Путинская тенденция перекодировать смутные воспоминания об СССР в российский патриотизм как часть крайне избирательного и "широко понятого наследия" прошлого (Kalinin 2011: 156) также функционирует для создания ощущения непрерывности. Российское правительство стремится навязать это конструируемое постоянство непокорной и прерывистой истории России, наиболее известны неоднократные заявления Путина о том, что Россия - это государство с 1000-летней историей. Использование истории для создания ложного чувства безопасности основывается на двух компонентах: переплетении взаимоисключающих воспоминаний и неспособности внимательно изучить исторические свидетельства, подтверждающие эти воспоминания. В конце концов, речь идет не о точном воспроизведении исторической эпохи, а о потакании ностальгии и создании мировоззрения, способствующего формированию качеств, угодных власть имущим: сильного государства, особого пути России и великодержавного мессианства.

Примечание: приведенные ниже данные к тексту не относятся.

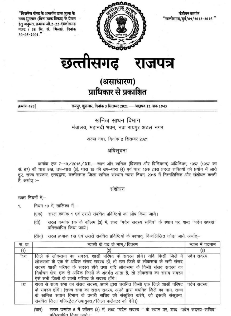 रायपुर 6 अगस्त 21। छत्तीसगढ़ में कलेक्टर ही DMF परिषद के अध्यक्ष होंगे। केंद्र के पत्र के बाद DMF परिषद में संशोधन राजपत्र में प्रकाशित हो गया है। इससे पहले राज्य सरकार ने प्रभारी मंत्रियों को DMF परिषद का अध्यक्ष बनाया था। इस आदेश को लेकर पिछले महीने 18 अगस्त को राज्य को केंद्र ने पत्र लिखकर कहा था कि प्रभारी मंत्रियों को DMF परिषद के अध्यक्ष पद से हटायें, क्योंकि फंड के प्रमुख कलेक्टर ही होंगे। प्रह्लाद जोशी के पत्र में इस मामले में तत्काल क्रियान्वयन के लिए भी कहा गया था। इस पत्र के बाद अब राज्य सरकार ने परिषद को लेकर संशोधन को राजपत्र में प्रकाशित कर दिया है ।
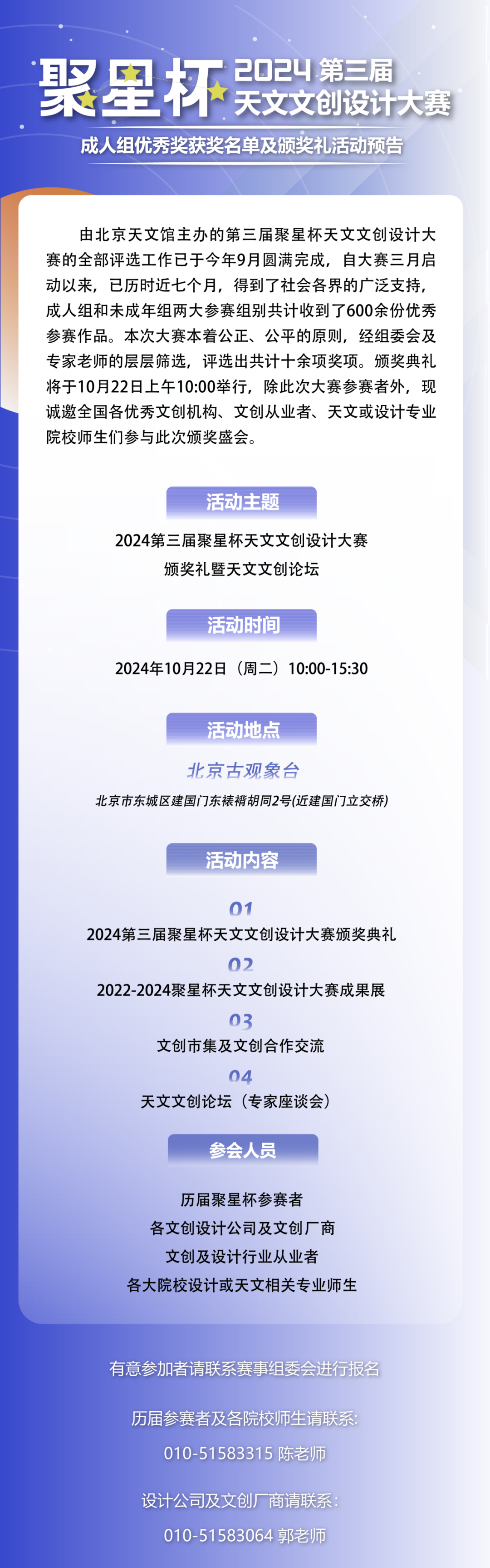 2024第三届聚星杯天文文创设计大赛 成人组优秀奖获奖名单及颁奖礼活动预告

Светлана Бойм в своей работе о ностальгии, рассматривающей (правда, более ранний) российский контекст, проводит различие между реставрационной и рефлексивной ностальгией, классифицируя первую как попытку восстановить прошлое, а вторую - как сентиментальную тоску, которая в конечном итоге признает невозможность возвращения в прошлое (Boym 2007, 1994: 287). Тип ностальгии, поощряемый российским правительством и СМИ, сочетает в себе элементы обеих форм, поскольку телеведущие и политики утверждают, что история не только повторяется, но и буквально повторяется, в то же время признавая, что полный возврат к прошлому невозможен и не всегда желателен. Российские СМИ и политики, похоже, хотят выборочно заниматься реставрацией прошлого.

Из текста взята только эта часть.